- [YOUR TASK]: Begin the copy at the line containing "Functionality meets luxury" and end it at the final line of the material below, reproducing each line exactly, without images.

- [DATA SEGMENT]:
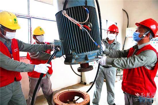原200千伏安的變壓器被吊下配變臺架,新調來(lái)的315千伏安的變壓器平穩地落座在配變臺架上……通過(guò)近4個(gè)小時(shí)的安裝、調試,接通10千伏千畝湖支線(xiàn)等一系列的緊張作業(yè)。19時(shí)02分,2臺先期安裝好的55千瓦的水泵成功發(fā)起,兩股水流沖出千畝湖,流向遠方。
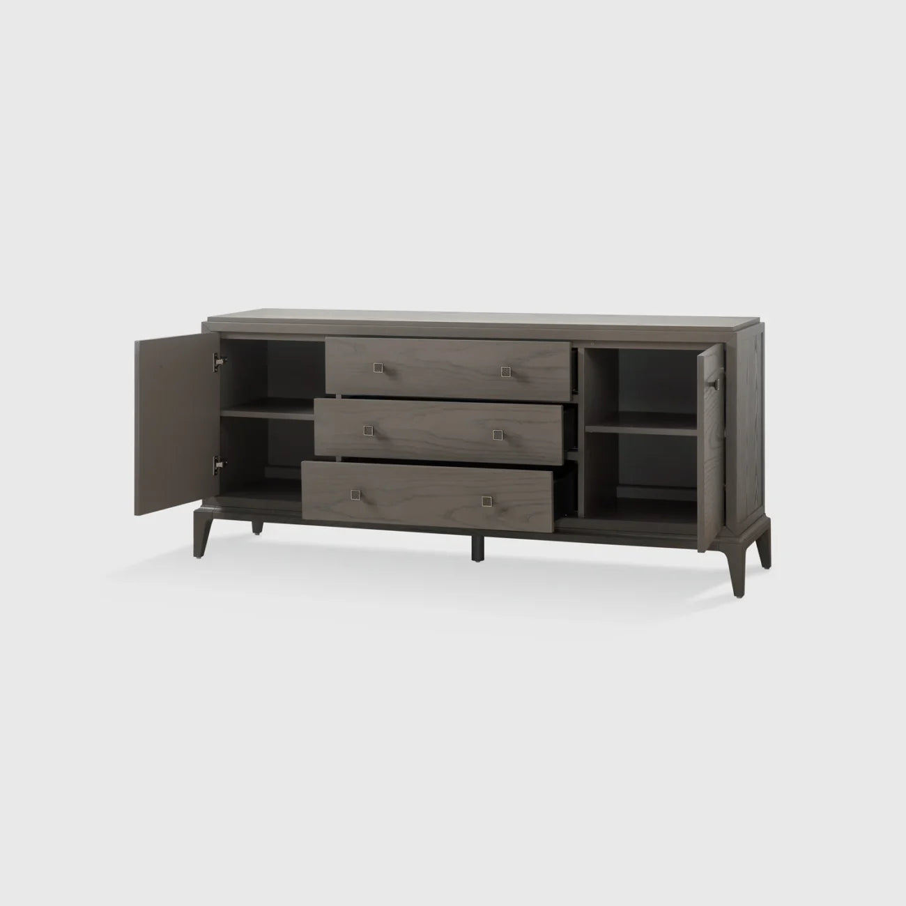 Functionality meets luxury in the Astoria Cabinet Macchiato, with its three deep drawers and two generous cupboards providing exceptional storage. This luxury cabinet is designed to accommodate your storage needs without compromising on style, making it an ideal choice for those who value both aesthetics and practicality.
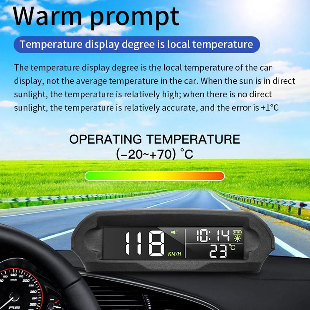 * 2. Встроенный 9 функций, включая отображение времени, отображение температуры, отображение высоты, отображение скорости транспортного средства, солнечную зарядку, usb-зарядку, напоминание об усталости при вождении, настройку компенсации скорости транспортного средства, оповещение о превышении скорости.
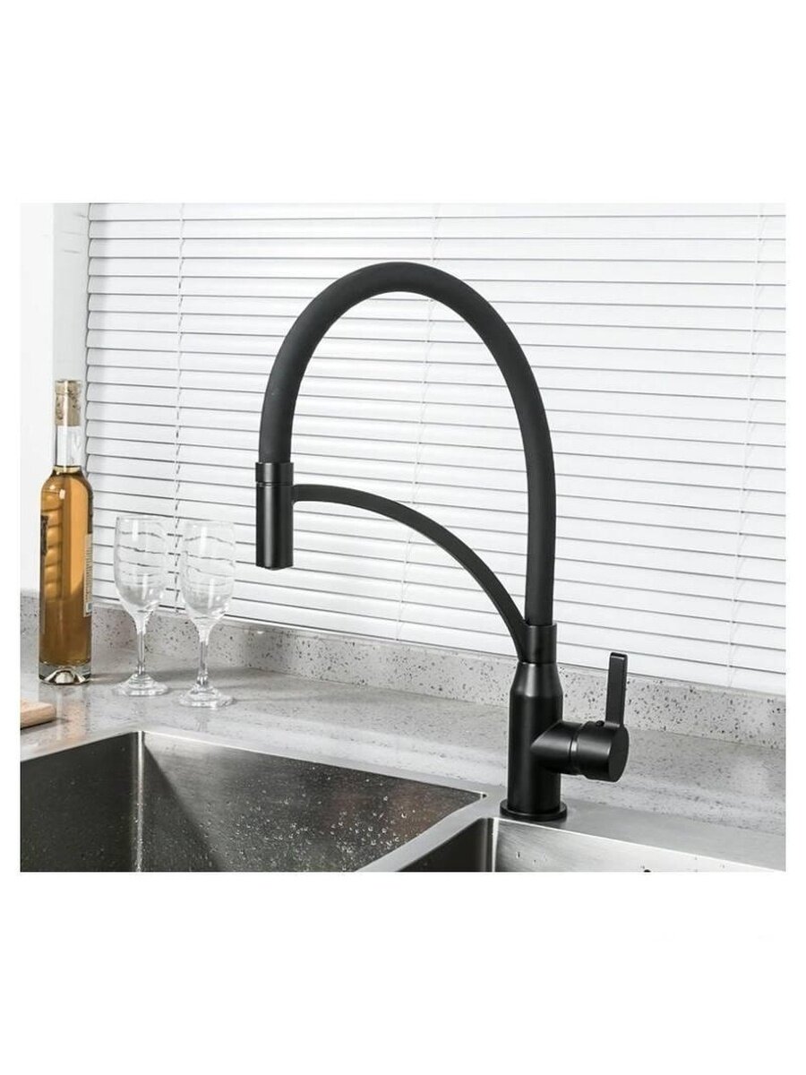 Смеситель для кухни черный матовый с гибким изливом Frap F4552-6

- [RESPONSE TO THIS EXERCISE]:
 Functionality meets luxury in the Astoria Cabinet Macchiato, with its three deep drawers and two generous cupboards providing exceptional storage. This luxury cabinet is designed to accommodate your storage needs without compromising on style, making it an ideal choice for those who value both aesthetics and practicality.
 * 2. Встроенный 9 функций, включая отображение времени, отображение температуры, отображение высоты, отображение скорости транспортного средства, солнечную зарядку, usb-зарядку, напоминание об усталости при вождении, настройку компенсации скорости транспортного средства, оповещение о превышении скорости.
 Смеситель для кухни черный матовый с гибким изливом Frap F4552-6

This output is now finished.